▼
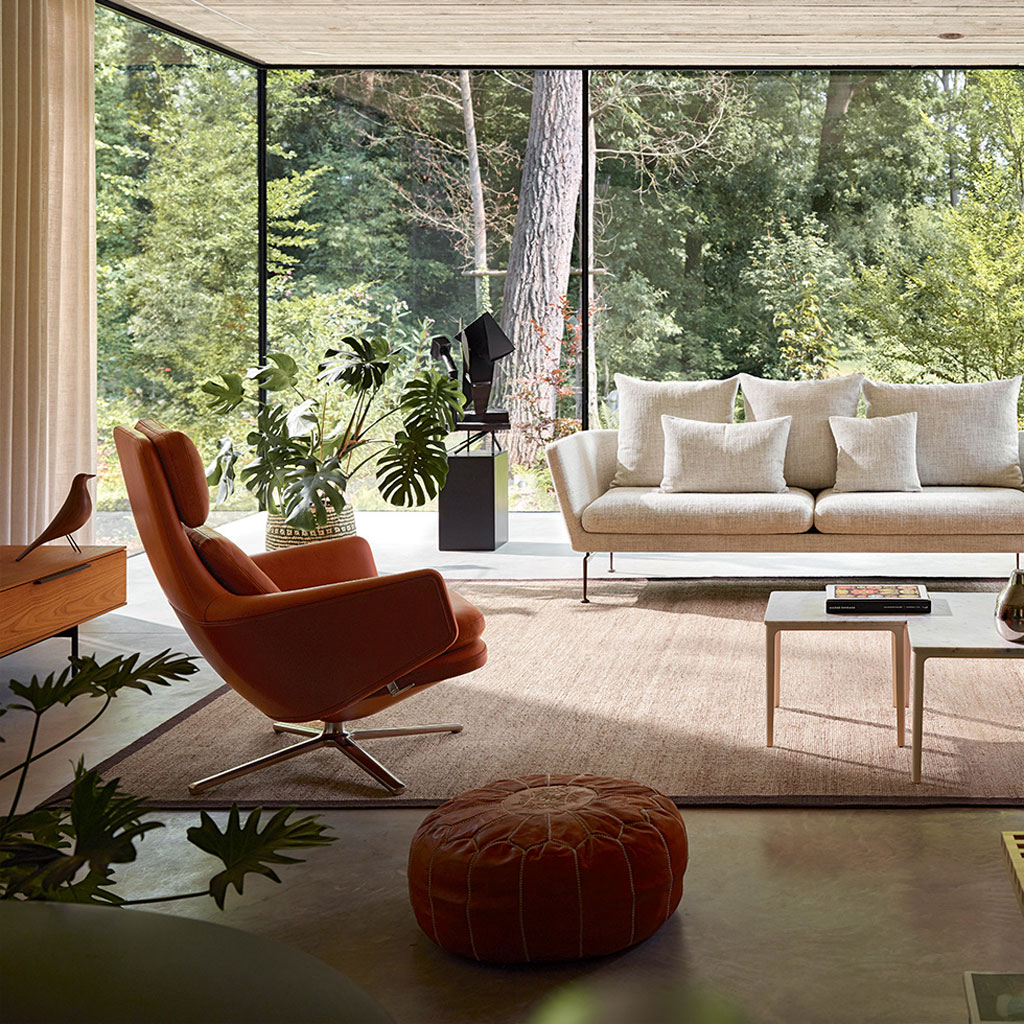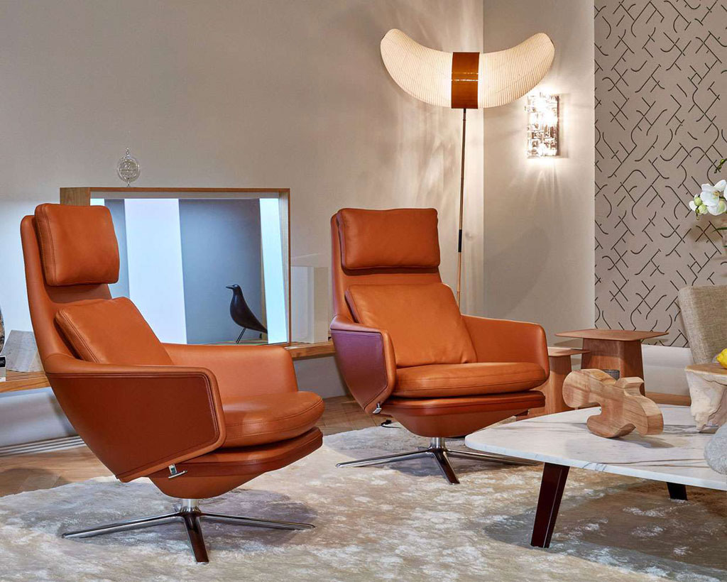 Кресло Grand Relax от дизайнера Antonio Citterio производится с 2019 г. Это роскошное кресло сочетает в себе исключительный комфорт, компактные размеры и классическую сдержанную эстетику. Модель сочетает в себе такие материалы как литой алюминий и высококачественная кожа Премиум. Садясь в кресло, Вы медленно опускаетесь на подушки, в то время как скрытый встроенный механизм поглощает вес и перемещает кресло в наклонное положение. Сиденье и спинка движутся независимо друг от друга. С помощью ручки управления можно регулировать сопротивление механизма, а спинка может быть заблокирована под любым углом. Основание вращается на 360 градусов. Для заказа доступны кресло с пуфом как в комплекте, так и по отдельности. C 2021 г. также доступны варианты в тканевой обивке нескольких категорий.
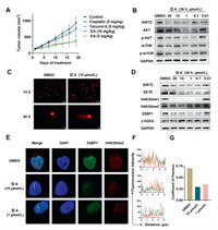 | Fig. 2. Antitumor effect in xenograft model and mechanism of Ⅱ-6 in A2780. (A) Tumor volume change of mice during the antitumor treatment. Data are presented as mean ± SD (n = 5). (B) Ⅱ-6 was associated with the SIRT2/AKT/mTOR signaling pathway. (C) The alkaline comet assay image, which showed Ⅱ-6 induced DNA damage in A2780 cells exposed to 10 µmol/L concentration. Scale bar: 100 µm for 10× image and 20 µm for 40× image. (D) Western blot was used to analyze the levels of SET8 and H4K20me1/H4K20me2 after SIRT2 degradation, as well as the levels of DNA damage markers 53BP1 and γ-H2AX. (E) CLSM analysis for H4K20me2 and 53BP1. Scale bar: 3 µm. (F) The plot profiles show fluorescence intensity variations along an oblique line, quantified by ImageJ. (G) Co-localization between two entities is assessed using Pearson coefficients, calculated by JACoP in ImageJ. | |
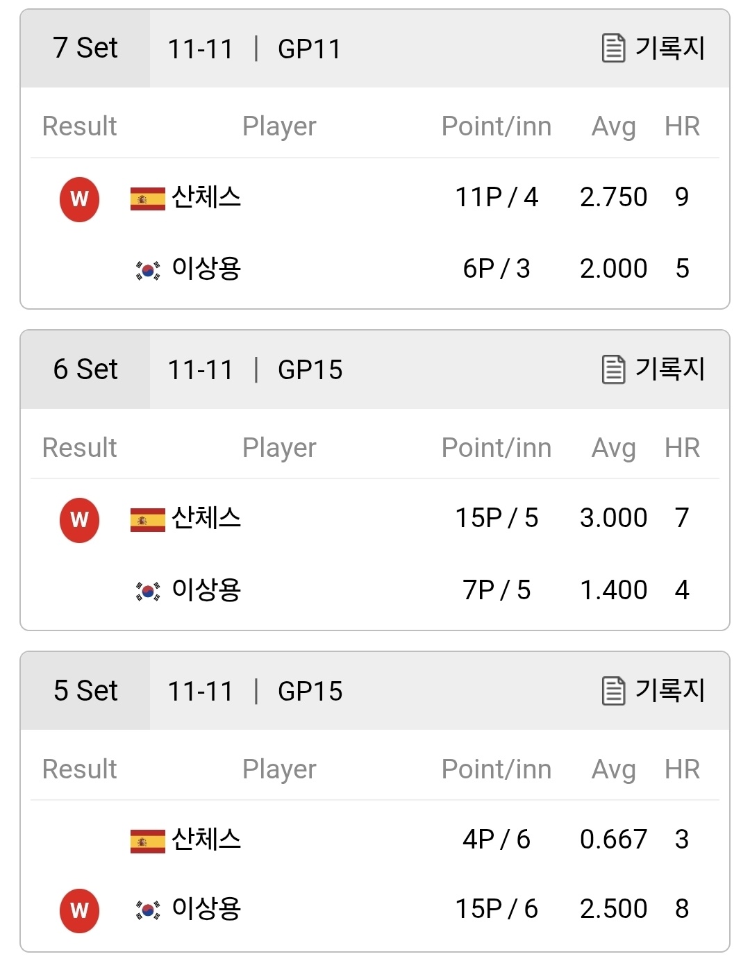 경기 초반 1세트는 산체스가 11이닝 동안 15점을 적중시키며 기선 제압에 성공했습니다. 하지만 이상용이 곧바로 반격에 나서 2세트와 3세트를 연달아 가져가며 2대 1로 앞서갔습니다. 5세트까지 두 선수는 서로 한 세트씩 주고받으며 3대 2로 이상용이 앞서갔지만, 6세트에서 산체스가 단 5이닝 만에 15점을 완성하며 분위기를 뒤집었습니다.
▲
» What you have to do
Retype the data shown above exactly, excluding any picture it contains.

» Solution to this task
 Кресло Grand Relax от дизайнера Antonio Citterio производится с 2019 г. Это роскошное кресло сочетает в себе исключительный комфорт, компактные размеры и классическую сдержанную эстетику. Модель сочетает в себе такие материалы как литой алюминий и высококачественная кожа Премиум. Садясь в кресло, Вы медленно опускаетесь на подушки, в то время как скрытый встроенный механизм поглощает вес и перемещает кресло в наклонное положение. Сиденье и спинка движутся независимо друг от друга. С помощью ручки управления можно регулировать сопротивление механизма, а спинка может быть заблокирована под любым углом. Основание вращается на 360 градусов. Для заказа доступны кресло с пуфом как в комплекте, так и по отдельности. C 2021 г. также доступны варианты в тканевой обивке нескольких категорий.
 | Fig. 2. Antitumor effect in xenograft model and mechanism of Ⅱ-6 in A2780. (A) Tumor volume change of mice during the antitumor treatment. Data are presented as mean ± SD (n = 5). (B) Ⅱ-6 was associated with the SIRT2/AKT/mTOR signaling pathway. (C) The alkaline comet assay image, which showed Ⅱ-6 induced DNA damage in A2780 cells exposed to 10 µmol/L concentration. Scale bar: 100 µm for 10× image and 20 µm for 40× image. (D) Western blot was used to analyze the levels of SET8 and H4K20me1/H4K20me2 after SIRT2 degradation, as well as the levels of DNA damage markers 53BP1 and γ-H2AX. (E) CLSM analysis for H4K20me2 and 53BP1. Scale bar: 3 µm. (F) The plot profiles show fluorescence intensity variations along an oblique line, quantified by ImageJ. (G) Co-localization between two entities is assessed using Pearson coefficients, calculated by JACoP in ImageJ. | |
 경기 초반 1세트는 산체스가 11이닝 동안 15점을 적중시키며 기선 제압에 성공했습니다. 하지만 이상용이 곧바로 반격에 나서 2세트와 3세트를 연달아 가져가며 2대 1로 앞서갔습니다. 5세트까지 두 선수는 서로 한 세트씩 주고받으며 3대 2로 이상용이 앞서갔지만, 6세트에서 산체스가 단 5이닝 만에 15점을 완성하며 분위기를 뒤집었습니다.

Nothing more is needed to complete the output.